Task: For this exercise, return only the lines in the records below from the one holding "商品一覧の右端にある「おすす" through the one holding "3120M 2.5GHz |", including both, exactly as they appear and without pictures.

Input records:
- - - -
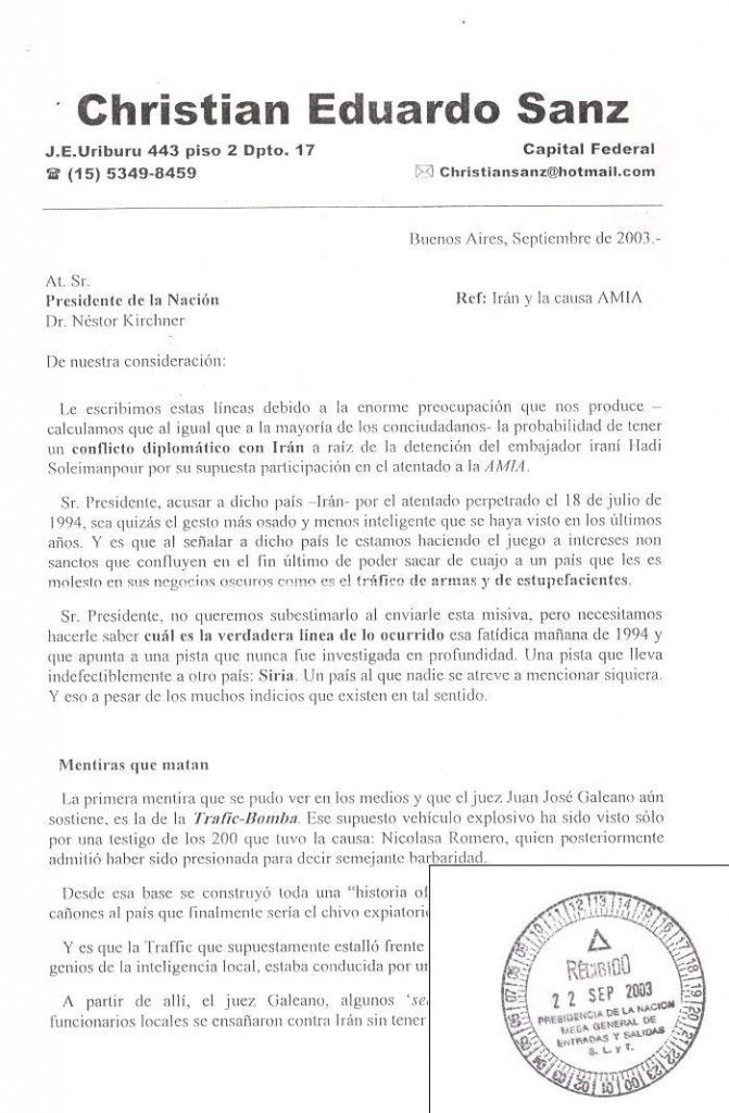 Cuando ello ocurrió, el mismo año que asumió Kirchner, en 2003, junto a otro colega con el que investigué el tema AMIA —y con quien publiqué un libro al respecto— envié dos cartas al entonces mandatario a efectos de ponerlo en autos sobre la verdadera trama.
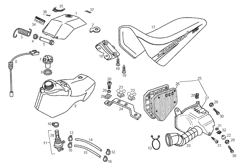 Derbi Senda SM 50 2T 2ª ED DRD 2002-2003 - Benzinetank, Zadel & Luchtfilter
- - - -
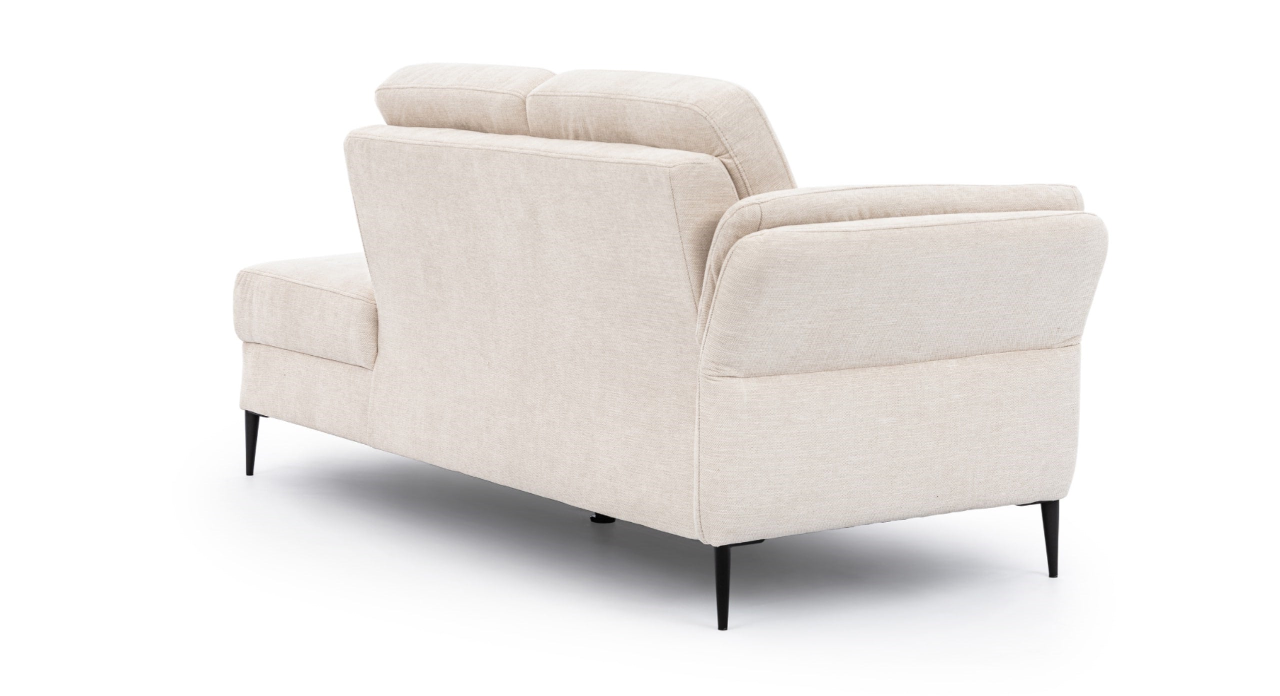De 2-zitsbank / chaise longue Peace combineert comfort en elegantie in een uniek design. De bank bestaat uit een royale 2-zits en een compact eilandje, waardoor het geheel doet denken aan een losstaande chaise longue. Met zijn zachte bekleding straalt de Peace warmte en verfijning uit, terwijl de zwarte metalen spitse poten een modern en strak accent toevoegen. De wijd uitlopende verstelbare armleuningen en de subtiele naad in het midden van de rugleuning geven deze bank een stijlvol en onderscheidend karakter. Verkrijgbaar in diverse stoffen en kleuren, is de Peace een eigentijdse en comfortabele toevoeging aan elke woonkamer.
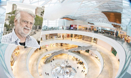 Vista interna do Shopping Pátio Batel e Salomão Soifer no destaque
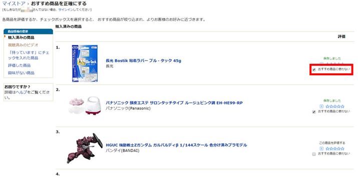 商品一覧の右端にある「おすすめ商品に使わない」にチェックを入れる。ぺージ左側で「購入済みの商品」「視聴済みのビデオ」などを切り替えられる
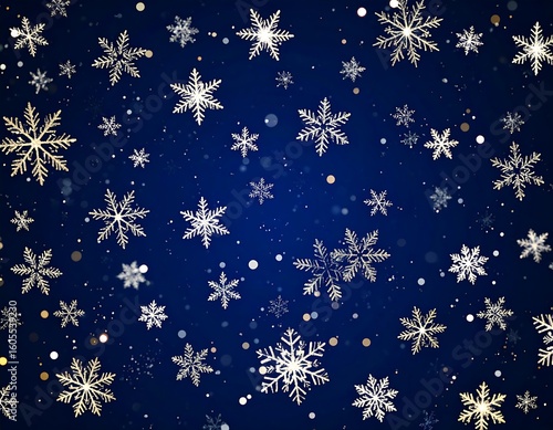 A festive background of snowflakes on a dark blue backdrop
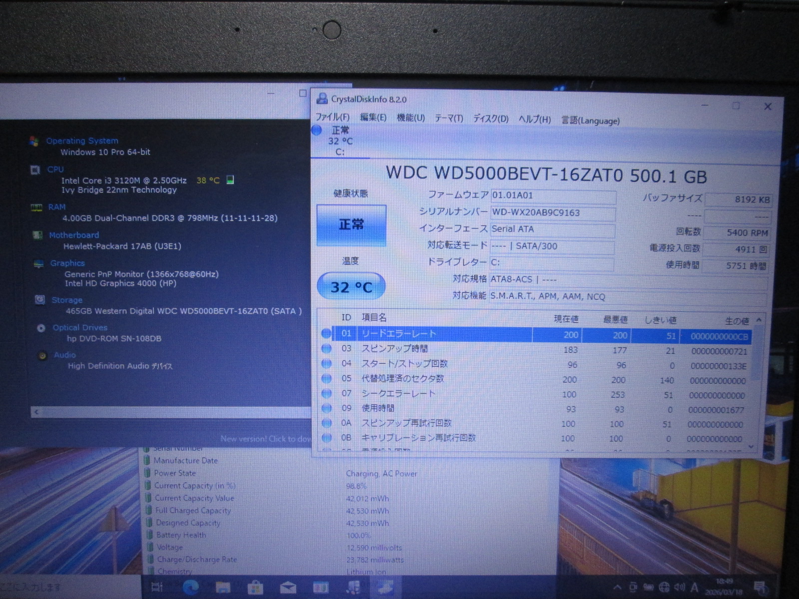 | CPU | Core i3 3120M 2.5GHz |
- - - -
Answer below:
 商品一覧の右端にある「おすすめ商品に使わない」にチェックを入れる。ぺージ左側で「購入済みの商品」「視聴済みのビデオ」などを切り替えられる
 A festive background of snowflakes on a dark blue backdrop
 | CPU | Core i3 3120M 2.5GHz |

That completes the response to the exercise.